In your copy, leave out the pictures and output only the lines from the one holding "Lacivert renkli, şık" through the end of the data below, exactly.
(Beginning of Material provided)
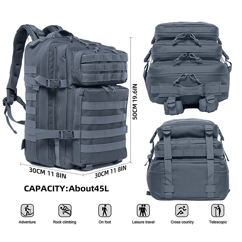 กระเป๋าเป้สะพายหลัง LUPU ขนาด 45 ลิตร สำหรับกิจกรรมกลางแจ้ง กันน้ำ เหมาะสำหรับเดินป่าและเอาชีวิตรอด สีดำ
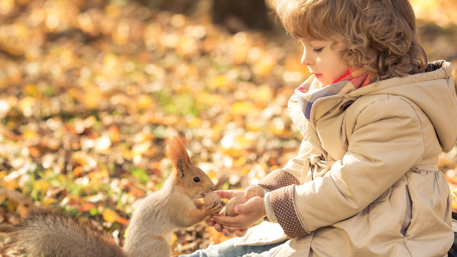 小女孩,松鼠,果实,好朋友,桌面壁纸
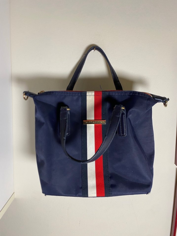 Lacivert renkli, şık Tommy Hilfiger kol çantası. Sap kısımlarında hafif aşınmalar vardır o yüzden fiyatı uygun tuttum kullanıma engel değil✨
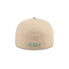 The Club Tigres UANL Ivory 59FIFTY Fitted Cap features an embroidered Tigres logo at the front panels with a matching team wordmark at the rear, a pastel green visor, and a gray undervisor.
(End of Material provided)
→ **Task answer**:
 Lacivert renkli, şık Tommy Hilfiger kol çantası. Sap kısımlarında hafif aşınmalar vardır o yüzden fiyatı uygun tuttum kullanıma engel değil✨
 The Club Tigres UANL Ivory 59FIFTY Fitted Cap features an embroidered Tigres logo at the front panels with a matching team wordmark at the rear, a pastel green visor, and a gray undervisor.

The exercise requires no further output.